EXERCISE AIM
Return the records verbatim.
──────────────────────────────
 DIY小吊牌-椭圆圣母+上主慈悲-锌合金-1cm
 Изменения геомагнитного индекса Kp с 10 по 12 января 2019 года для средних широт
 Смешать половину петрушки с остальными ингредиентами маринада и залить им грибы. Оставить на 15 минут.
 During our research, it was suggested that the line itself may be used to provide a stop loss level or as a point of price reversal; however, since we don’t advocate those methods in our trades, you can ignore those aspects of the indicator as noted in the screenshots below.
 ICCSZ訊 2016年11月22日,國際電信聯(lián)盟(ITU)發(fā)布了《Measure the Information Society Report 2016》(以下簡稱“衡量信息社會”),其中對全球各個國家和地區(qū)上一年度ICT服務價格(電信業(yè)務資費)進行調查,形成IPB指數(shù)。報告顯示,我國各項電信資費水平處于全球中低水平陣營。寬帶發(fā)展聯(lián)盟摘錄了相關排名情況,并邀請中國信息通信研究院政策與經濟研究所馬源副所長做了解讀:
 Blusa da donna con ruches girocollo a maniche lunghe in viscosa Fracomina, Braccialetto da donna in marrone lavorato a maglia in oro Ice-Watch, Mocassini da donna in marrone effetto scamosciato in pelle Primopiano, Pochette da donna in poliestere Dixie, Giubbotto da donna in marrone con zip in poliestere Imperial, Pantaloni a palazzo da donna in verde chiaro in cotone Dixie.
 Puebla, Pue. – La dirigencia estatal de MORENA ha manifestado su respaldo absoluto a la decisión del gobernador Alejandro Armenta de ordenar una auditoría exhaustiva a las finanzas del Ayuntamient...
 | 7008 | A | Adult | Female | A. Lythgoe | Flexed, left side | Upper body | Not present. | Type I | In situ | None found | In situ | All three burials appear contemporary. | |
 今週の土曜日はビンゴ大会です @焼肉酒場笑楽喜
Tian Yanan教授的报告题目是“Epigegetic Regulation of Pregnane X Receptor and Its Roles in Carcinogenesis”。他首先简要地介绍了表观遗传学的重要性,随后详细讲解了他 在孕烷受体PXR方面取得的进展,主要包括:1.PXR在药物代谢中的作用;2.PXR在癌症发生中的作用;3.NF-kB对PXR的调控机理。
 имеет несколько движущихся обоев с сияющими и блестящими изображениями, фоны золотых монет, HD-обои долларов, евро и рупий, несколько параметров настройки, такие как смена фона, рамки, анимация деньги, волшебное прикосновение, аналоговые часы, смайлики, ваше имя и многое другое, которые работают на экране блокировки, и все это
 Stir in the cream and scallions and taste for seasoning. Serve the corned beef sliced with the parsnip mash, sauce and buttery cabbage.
──────────────────────────────
OUTPUT
 DIY小吊牌-椭圆圣母+上主慈悲-锌合金-1cm
 Изменения геомагнитного индекса Kp с 10 по 12 января 2019 года для средних широт
 Смешать половину петрушки с остальными ингредиентами маринада и залить им грибы. Оставить на 15 минут.
 During our research, it was suggested that the line itself may be used to provide a stop loss level or as a point of price reversal; however, since we don’t advocate those methods in our trades, you can ignore those aspects of the indicator as noted in the screenshots below.
 ICCSZ訊 2016年11月22日,國際電信聯(lián)盟(ITU)發(fā)布了《Measure the Information Society Report 2016》(以下簡稱“衡量信息社會”),其中對全球各個國家和地區(qū)上一年度ICT服務價格(電信業(yè)務資費)進行調查,形成IPB指數(shù)。報告顯示,我國各項電信資費水平處于全球中低水平陣營。寬帶發(fā)展聯(lián)盟摘錄了相關排名情況,并邀請中國信息通信研究院政策與經濟研究所馬源副所長做了解讀:
 Blusa da donna con ruches girocollo a maniche lunghe in viscosa Fracomina, Braccialetto da donna in marrone lavorato a maglia in oro Ice-Watch, Mocassini da donna in marrone effetto scamosciato in pelle Primopiano, Pochette da donna in poliestere Dixie, Giubbotto da donna in marrone con zip in poliestere Imperial, Pantaloni a palazzo da donna in verde chiaro in cotone Dixie.
 Puebla, Pue. – La dirigencia estatal de MORENA ha manifestado su respaldo absoluto a la decisión del gobernador Alejandro Armenta de ordenar una auditoría exhaustiva a las finanzas del Ayuntamient...
 | 7008 | A | Adult | Female | A. Lythgoe | Flexed, left side | Upper body | Not present. | Type I | In situ | None found | In situ | All three burials appear contemporary. | |
 今週の土曜日はビンゴ大会です @焼肉酒場笑楽喜
Tian Yanan教授的报告题目是“Epigegetic Regulation of Pregnane X Receptor and Its Roles in Carcinogenesis”。他首先简要地介绍了表观遗传学的重要性,随后详细讲解了他 在孕烷受体PXR方面取得的进展,主要包括:1.PXR在药物代谢中的作用;2.PXR在癌症发生中的作用;3.NF-kB对PXR的调控机理。
 имеет несколько движущихся обоев с сияющими и блестящими изображениями, фоны золотых монет, HD-обои долларов, евро и рупий, несколько параметров настройки, такие как смена фона, рамки, анимация деньги, волшебное прикосновение, аналоговые часы, смайлики, ваше имя и многое другое, которые работают на экране блокировки, и все это
 Stir in the cream and scallions and taste for seasoning. Serve the corned beef sliced with the parsnip mash, sauce and buttery cabbage.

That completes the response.